When I was younger, I did want siblings. I wanted someone to play with. But at the same time, I wasn't too big on sharing with others. In order to play with siblings, sharing is pretty important. Of course, it is important with friends and cousins, but I didn't see them 24/7. So, I wasn't used to sharing all the time. I'm still not.
Now that I'm older, I don't mind sharing with other people. However, I do have a hang up with sharing a living space with others. This is why I live at home, and not in the dorms on campus because I hate to share like that. The thought of sharing a bathroom with an entire floor just irks me. With my preferred activity of speech and debate, I have to share a hotel room with people. I don't have a problem with that at all, because it's temporary. I've even shared in the past with camping or any other kind of travel, and had no problems. But, if it weren't temporary, I feel like it would be a difficult adjustment for me. I like to know the person well that I'm sharing with.
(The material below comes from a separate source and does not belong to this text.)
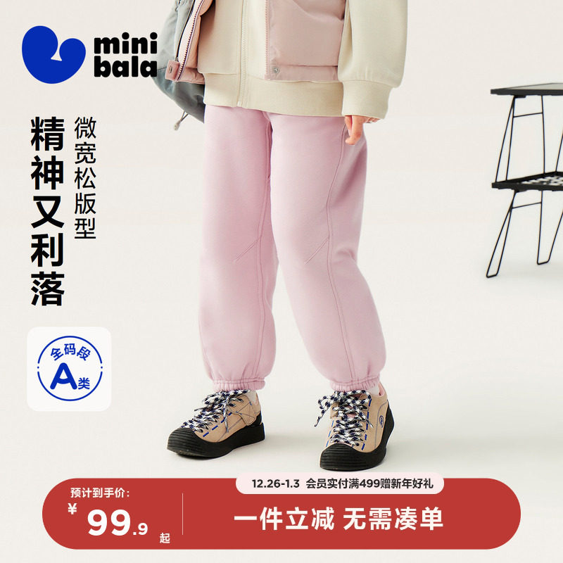 迷你巴拉巴拉男女童裤子2025冬新品内里加绒舒适无感腰头宽松长裤

I certainly want kids in my future. I've said that I want at least one, but no more than three. However, I've been on the fence. I'd love for my child to grow up with the experience I had. My parents only had me to worry about, so I had both of their attention. This helped me because I'm not afraid to be in the center of attention. They really invested their time into raising me. They would play with me growing up, but at the same time, I also learned how to entertain myself. It's a pretty important skill that not many people have. I really enjoy my solitude when I get the chance.
My parents are able to go the extra mile in a few areas, such as helping me pay for college (kind of hard to do that with multiple kids), teaching me different things, and traveling (a family of 3 to Disney World is much cheaper than a family of 6). Really, anything extra that they had, I also had. I won't have to feud with siblings over helping my parents when they become elderly, or when they plan wills. I'll have trouble deciding what to do with all of the random stuff I'll inherit, but that's a long time off from now. I've never had to worry about a sibling taking my stuff without permission. I've never had to worry about fighting with one. It's almost always been peace and quiet for me.
I want my child to feel like he/she is loved and not have to worry about his/her parents playing favorites with a sibling. I want him/her to feel taken care of. I don't want him/her to feel like a babysitter for any younger siblings. I also feel that quality over quantity is important. I'd rather have one well rounded, well behaved, bright, kind hearted child, instead of 3 "average" children. Playing mediator between feuding siblings is annoying. I'd rather not do this kind of thing for multiple kids. People make way too many false assumptions about only children.
I've had friends and peers tell me how lucky I am to be an only child. I just might have to agree with them.